By Rashmi Wickramasinghe
Erwinia is a genus of bacteria. There are more than thirty species in this genus. Most of the Erwinia species are plant pathogens. It is the cause of diseases such as blights, cankers, die-back, leaf spots, wilts, discoloration of plant tissues, stalk rot, crown rot and stem rot.
How do the plants get infected?
Let me share a small story with you. One day, a very fat farmer went to irrigate his vigorous potato cultivation using a small bucket. The water source was a retention pond. He had to walk to the pond then to the field back and forth through narrow bunds between the crops.

Since he was very fat it was very hard for him. He even stumbled and fell down on the plants and the plants got damaged. Days passed and he found that his potato cultivation is infected with a disease called soft rot caused by Erwinia species.
What has happened? When the farmer stumbled down, the plants got damaged and Erwinia was there in the field. This opportunistic pathogen infected the tissues of the potato tubers. Erwinia can enter the plant body through insects also.
Three Erwinia species that cause soft rot in potatoes. Erwinia carotovora ssp. carotovora, E. carotovora ssp. atroseptica and E. chrysanthemi
How do they infest plant tissues?
Plant cells have cellulose on their walls.
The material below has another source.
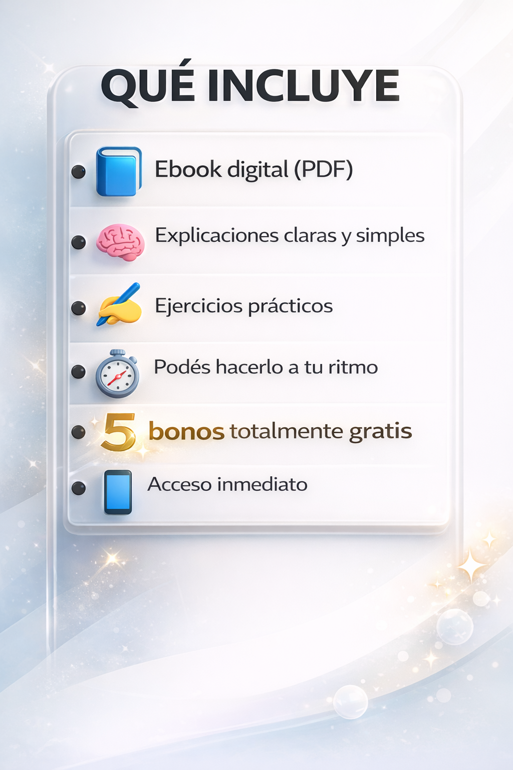 No es solo teoría. Incluye ejercicios, ejemplos y prácticas concretas para aplicar desde el primer día.

The cells are bound together with pectin. Erwinia can produce enzymes that can break down both cellulose and pectin. We call those enzymes pectolytic and cellulolytic enzymes. After the cells are broken down with these enzymes, Erwinia absorbs the nutrients in the plant.
They love high humidity and moisture because it triggers the release of bacterial digestive enzymes that can break down plant tissue.
How Erwinia enter the field?
Erwinia cells have tails that call flagella. Using flagella bacteria swim through wet soil and over plant surfaces then they enter the plant. The water source was a retention pond. Since water in there is reutilizing water the probability of Erwinia being in the pond water is high.
Also, by contaminated tools, soil, and insects, Erwinia can be transmitted to the field.

How to identify a disease caused by Erwinia?
That fat farmer felt a fishy smell in the air. First, he thought that the smell is from his clothes. He hadn’t done laundry for weeks. But it was not coming from his clothes. Then he sniffed the plants. Eureka! The smell was coming from the plants.
The fishy odor he smelt was coming from the plants due to the breaking down of the plant tissues by Erwinia.
Is Erwinia always bad?
NO!
Erwinia uredovora has a gene that helps rice seeds to biosynthesize beta carotene. This gene was incorporated to rice and Golden Rice was created. It is rich in beta carotene which is converted into vitamin A when metabolized by the human body. This is intended to be used to overcome the Vitamin A deficiency worldwide.